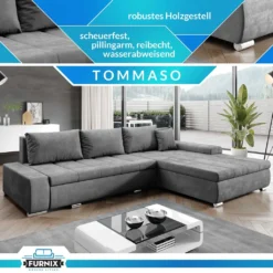 Die gemütliche Wohnzimmersofa ist perfekt dazu geeignet, um mit Familie oder Freunden gemeinsam Zeit zu verbringen, zu fernsehen, zu plaudern oder einfach nur Spaß zu haben. Die hochelastische Polsterung bietet einen außergewöhnlichen Sitz- und Liegekomfort für die ganze Familie. Für mehr Ordnung ist die elegante Polstercouch mit einem praktischen Bettkasten zur Aufbewahrung von Bettwäsche oder Decken ausgestattet.
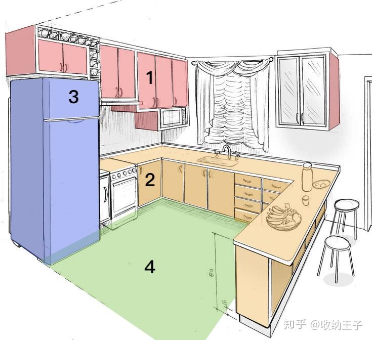 用厨房来举例,适合打扫顺序是,如图所示的:吊柜→地柜→冰箱→地板。 这么安排顺序是因为在“摊开-分类-收起来”这三个步骤中,摊开时需要把吊柜、地柜、冰箱中的物品拿到厨房操作台面上,再擦拭柜内空间。然后再完成分类、收起来。最后打扫厨房地面就可以了~
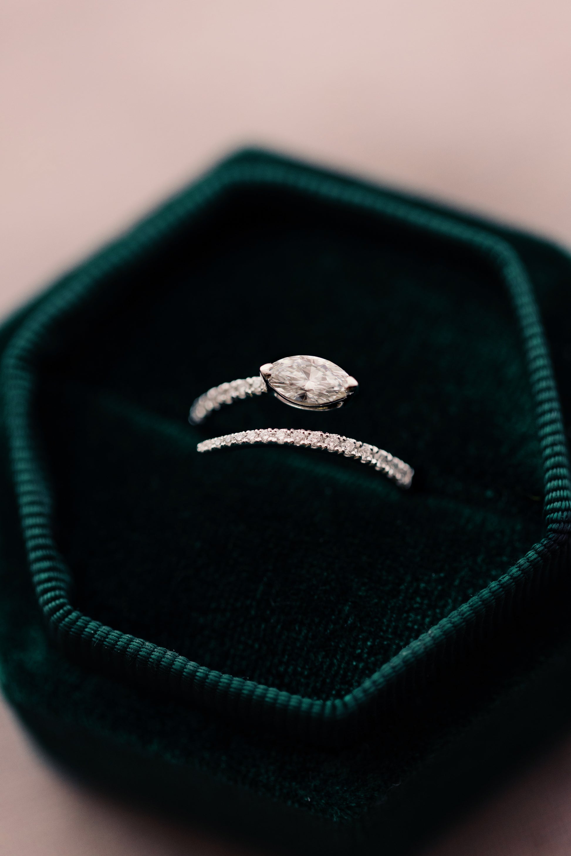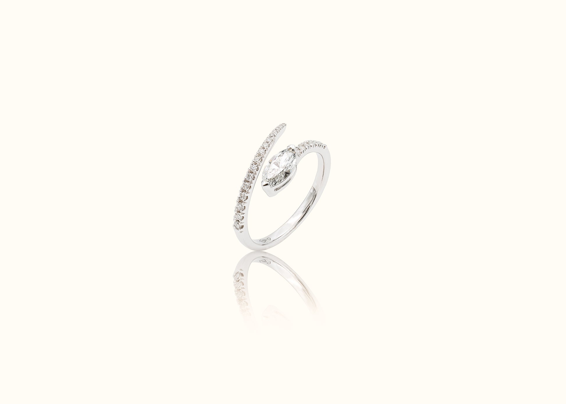 Florence is een ring die zich met kracht en dynamiek om je vinger slingert. De markiesdiamant, met zijn scherpe, speelse vorm, gecombineerd met de unieke slangenvormige setting, maakt dit juweel tot een gedurfde keuze.
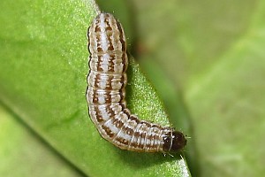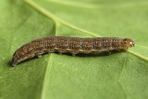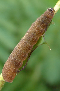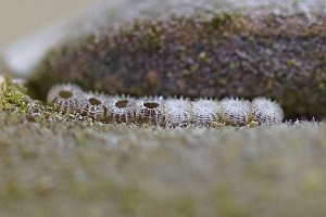 14: Deutschland, Niedersachsen, Umgebung Rodenberg, brachliegendes Grundstück mit fortgeschrittener Verbuschung, ca. 70 m, Jungraupe an Kätzchen von Salweide (Salix caprea) 7. April 2013, e.l. 21. Juli 2013 (leg., cult., det. & Foto: Tina Schulz) [Forum und weitere Falterbilder]
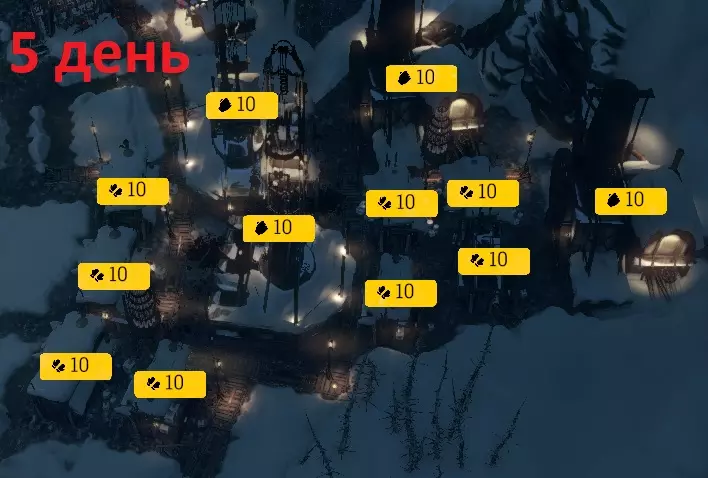 Прохождение (Выживание) Данное руководство написано для идеального прохождения сценария: вся Карта исследована, все Каюты построены, спасено 500 человек. 1 ДЕНЬПервым делом сносим лишние улицы и быстро расстраиваемся. Переключаем режим работы двух Паровых центров, греющих производственные здания, с 08:00-18:00. Паровой центр, который распространяется только на Руины сносим, как и Арену возле Генератора. Как только построится Снежная яма, сносим яму рядом с Генератором (освобождает рабочих). 1) Создаем отряд Разведчиков и отправляем в Метеостанцию. 2) Закон: Радикальное лечение. 3) Исследуем: Быстрый сбор. 4) Строим (сразу): 4 Санитарных пункта, 2 Паровых центра (Палатки 1 и 3), 2 Мастерских (сверху Лесопилки), Снежная яма (за тепловой зоной). 5) Работники (детей на тяжелые работы не ставим): •На 100% должны работать 1 Кухня, Лесопилка, 2 Угледобытчика, все Посты добычи, Сталелитейный завод. •В Паб ставим 1 рабочего. •15 рабочих ставим на Кучи угля образованных Угледобытчиком №1. •Остальных рабочих распределяем по Руинам в Тепловых зонах (подробнее смотри выше в разделе «Строительство») 6) Строим (днем): 2 Охотничьих хижины. 7) Исследуем: Воздушные охотники. 8) Строим (вечер): Склад (Уголь), Стенной бур, Паровой центр (Палатки 2), 2 Санитарных пункта, 6 Постов добычи, 2 Мастерских, 7 Палаток. 9) Сносим: 5 Палаток (вне Тепловых зон). 10) Перестраиваем: Паровой центр у Сталелитейного завода переносим так, чтобы отапливалось место под 2 завод. 10) Закон: Трансплантация органов. 2 ДЕНЬПо мере разработки Руин строим новые Посты добычи. По Постам добычи раскидываем детей, рабочие понадобятся для добычи еды. Обязательно ставим разрабатывать Кучи угля, которые скопилось возле Угледобытчиков + ставим рабочих на Руины, закрывающие место для 2-го Сталелитейного завода. 1) Строим (днем): 3 Охотничьих хижины,4 Охотничьих Ангара. 2) Исследуем: Повышение эффект. генератора I. 3) Перестраиваем: оставшиеся Палатки в Тепловые зоны. 4) Строим: Склад (дерево). 3 ДЕНЬВ течении дня перестраиваем 4 Охотничьи хижины в Охотничьи ангары (кроме Хижин, что находятся в Тепловых зонах). 1) Закон: Дружина. 2) Строим (днем): Сталелитейный завод №2. 3) Исследуем: Паровой сталелитейный завод. 4) Строим (вечер): Угледобытчик №3 + Пост добычи, 2 Дозорные башни, Склад,3 дополнительных Поста добычи. 4 ДЕНЬ1) Исследуем: Паровой угледобытчик. 2) Перестраиваем: 3 Охотничьи хижины в Охотничьи ангары. 3) Строим: Паровой сталелитейный завод №1 и №2, 4 Мастерских, 3 Палатки, Склад. 4) Закон: Утренний сбор. 5) Сносим: Лесопилка. 5 ДЕНЬНа этом дне болезнь отступает и освободившихся Инженеров переставляем в Мастерские. Далее строим Склады по мере накопления ресурсов. 1) Исследуем: Термоизоляция поста добычи. 3) Строим: 6 Мастерских, Охотничий ангар. 4) Закон: Бригадир. 5) Разведчики: Дредноут. 6) Перестраиваем: 3 Угледобытчика в Паровые угледобытчики + добавляем к ним Посты добычи (5 шт.), 2 Палатки. 6 ДЕНЬПостоянно используем Бригадира на Сталелитейных заводах, Стенном буре, Лесопилках, Мастерских, Фабрики. 1) Исследуем: Эффективный сбор. 2) После того, как в город придет отряд с Аванпоста, перестраиваем его на добычу стали. 3) Закон: Сторожевые посты. 4) Исследуем: 4 уровень технологий. 5) Сносим: Охотничью хижину возле Генератора. 6) Строим: 2 Сторожевых поста, Охотничий ангар, 2 Мастерских. 7 ДЕНЬ1) Исследуем: Быстрые отряды аванпостов (НЕ НУЖНО!) 2) Исследуем: Фабрика. 3)
+++
— Problem requirements —
Starting from the first line of the entries above, print each line exactly until the line containing "Florence is een" has been printed, and skip the pictures.

— Output for this task —
 Die gemütliche Wohnzimmersofa ist perfekt dazu geeignet, um mit Familie oder Freunden gemeinsam Zeit zu verbringen, zu fernsehen, zu plaudern oder einfach nur Spaß zu haben. Die hochelastische Polsterung bietet einen außergewöhnlichen Sitz- und Liegekomfort für die ganze Familie. Für mehr Ordnung ist die elegante Polstercouch mit einem praktischen Bettkasten zur Aufbewahrung von Bettwäsche oder Decken ausgestattet.
 用厨房来举例,适合打扫顺序是,如图所示的:吊柜→地柜→冰箱→地板。 这么安排顺序是因为在“摊开-分类-收起来”这三个步骤中,摊开时需要把吊柜、地柜、冰箱中的物品拿到厨房操作台面上,再擦拭柜内空间。然后再完成分类、收起来。最后打扫厨房地面就可以了~
 Florence is een ring die zich met kracht en dynamiek om je vinger slingert. De markiesdiamant, met zijn scherpe, speelse vorm, gecombineerd met de unieke slangenvormige setting, maakt dit juweel tot een gedurfde keuze.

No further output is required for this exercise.